5 Eylül 2007 Çarşamba

Sizin Hiç Hayaliniz Öldü mü?

Sizin hiç hayaliniz öldü mü?

Siz umutlarınızı toplayıp, kapının arasında dizlerinizi birleştirip içerinize açılıp, hıçkırarak ağladınız mı hayatınız da. Benim bir kere hayalim öldü,belki bir çok kere ama en çok acıtanı buydu sanırım.Ve o yüzden bir kere öldüğünü düşünüyorum şimdilerimde.Ama bildiğim birşey var ki ben bugünlerimde sahipsiz sokakların üzerinde gezen o dingin ama bir o kadar da ürkünç rüzgarların içerime üşüşmesiyle bir korkuyu hissediyorum bedenimde. Yüreğimde bir boşluk, ve üzerinde yırtıklar oluşarak acıtan bir korku bu. Doğanın bana verdiği bu acıyı, bir insandan kaynaklı olarak hayallerime bulaşan bu dayanılmaz hafiflik ile ağladım. Günler, geceler, haftalar ve belkide yılını doldurunca yıllarca olacak hüzünlenmem ve geceleri uykularımda gerçekleşen ani irkilmelerim. Herkes beni sakinleştirmek için "Bu tanrıdan bir ödül sana" diye söylemlerde bulunuyorlar. Ama bilmiyorlar ki bu ödülden dolayı çıldırıp, yitmemek için iki insan gibi kaldım başbaşa kendimle, aynı birbiri ile konuşan iki insan gibi. Kendime doğru kapattım kepenklerimi ve etrafıma ördüğüm duvarım ile acılarım ortak oldu yalnızlıklarımda bana.

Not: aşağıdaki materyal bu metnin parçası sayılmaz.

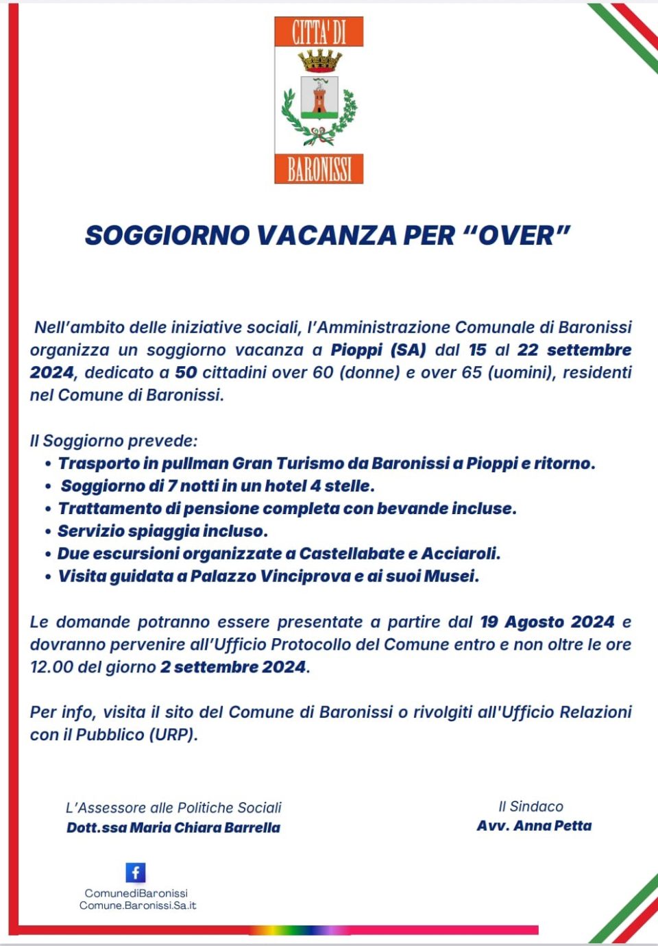 L’Amministrazione comunale di Baronissi ha pianificato un soggiorno vacanza dedicato ai cittadini over 65, che si terrà a Pioppi (SA) dal 15 al 22 settembre 2024. L’iniziativa coinvolgerà 50 residenti, offrendo loro un’opportunità di relax, svago e scoperta delle bellezze del Cilento. Il soggiorno prevede una settimana di pensione completa presso un hotel a 4 stelle, con servizi inclusi come il trasporto in pullman Gran Turismo, il servizio spiaggia, e due escursioni giornaliere a Castellabate e Acciaroli, oltre a una visita guidata a Palazzo Vinciprova e ai suoi musei.

Düşünüyorum şimdi, bazen ruhumu. Neden bu et yığını içerisinde yıllarca saklanıp onca acıyı bana yaşatıyor ve ardındanda belirli bir süre sonra gidecek olmasına rağmen nedendir ki o zaman,iskeletimin gösterdiği bana olan bu bağlılık? İnançlarımdan mıdır bu yadsıdığım durum, yoksa inançlarımı sorgulayışımdanmıdır. Hakikat düşmanları olarak bana dayatılan dogmaların beni götürdüğü kör karanlık, yalanlardan daha tehlikeli herhalde. Körebe oyunu gibi düşüncelerimin, gözlerime çektiği setlerden dolayı göremiyorum artık hayallerimi, yaşamıma soktuğum basit terminolojik olguların bile açıklayamadığı insan yaptırımlarıdır sanırım beni bu kaosa sürükleyen. Bütün yargılarımı idam ettirdim ben şlmdi, çekmecesine koyduğum hayallerim bile artık dayanamaz oldu bu duruma. Acılarımı paylaşmak istemediğim dostlarıma, armağan etmek istiyorum dünümde kalan yarınımın umutlarını, hayallerimi. Kendinden hiç söz etmeden, gerçeklikten uzak kişilikleriyle bana sahte dünyalarını dekore etmelerine yardım etmem için ağlayanların kişiliklerinde gördüğüm tek yüzleri ise arkada sakladıkları yüzleri, yani ikiyüzlülükleri. Ama farkında değillerki içine dolduracakları sepetin dibi delik çünkü doyumsuzlar. Hayallerimi öldürdüm belkide, dünün ölen hayalim çok acıtsada canımı biliyorum artık

" Bir insan hep hırsına kurban olduğunda, adeta bir yarasa gibi yönünü bulacaktır. Ama ruhunun bütün güzeliklerini öldürdüğünün farkına varamayacaktır "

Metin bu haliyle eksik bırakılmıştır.